**Data in this exercise:**
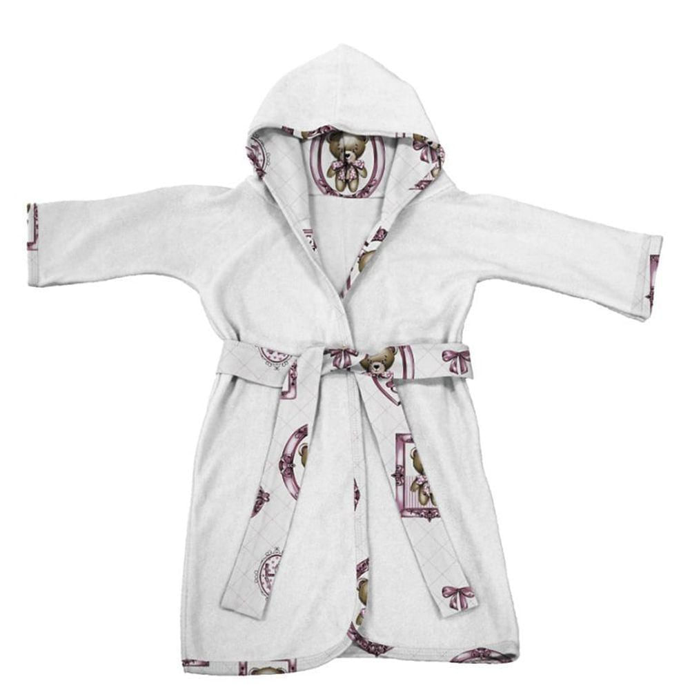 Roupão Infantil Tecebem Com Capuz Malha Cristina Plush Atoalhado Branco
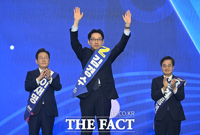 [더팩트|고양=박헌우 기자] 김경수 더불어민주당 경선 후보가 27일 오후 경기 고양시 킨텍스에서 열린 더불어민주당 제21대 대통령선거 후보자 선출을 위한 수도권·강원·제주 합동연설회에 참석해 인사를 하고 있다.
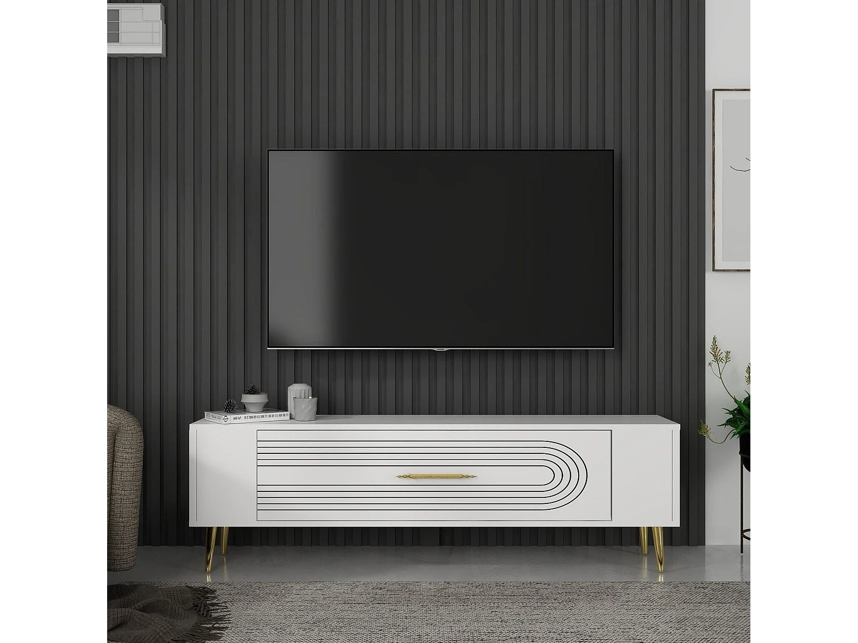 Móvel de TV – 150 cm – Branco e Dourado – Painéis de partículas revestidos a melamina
==
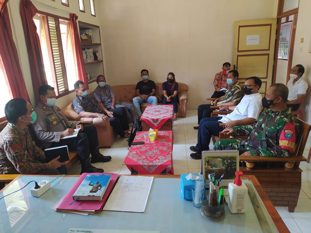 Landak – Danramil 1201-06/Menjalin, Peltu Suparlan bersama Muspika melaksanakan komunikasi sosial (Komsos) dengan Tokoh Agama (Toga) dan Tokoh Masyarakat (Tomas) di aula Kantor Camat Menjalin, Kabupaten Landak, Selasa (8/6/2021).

**Task description:**
Given the entries above, transcribe exactly the lines from the one holding "Roupão Infantil Tecebem" through the one holding "[더팩트|고양=박헌우 기자] 김경수"; pictures do not belong in the transcription.

**Answer box:**
 Roupão Infantil Tecebem Com Capuz Malha Cristina Plush Atoalhado Branco
 [더팩트|고양=박헌우 기자] 김경수 더불어민주당 경선 후보가 27일 오후 경기 고양시 킨텍스에서 열린 더불어민주당 제21대 대통령선거 후보자 선출을 위한 수도권·강원·제주 합동연설회에 참석해 인사를 하고 있다.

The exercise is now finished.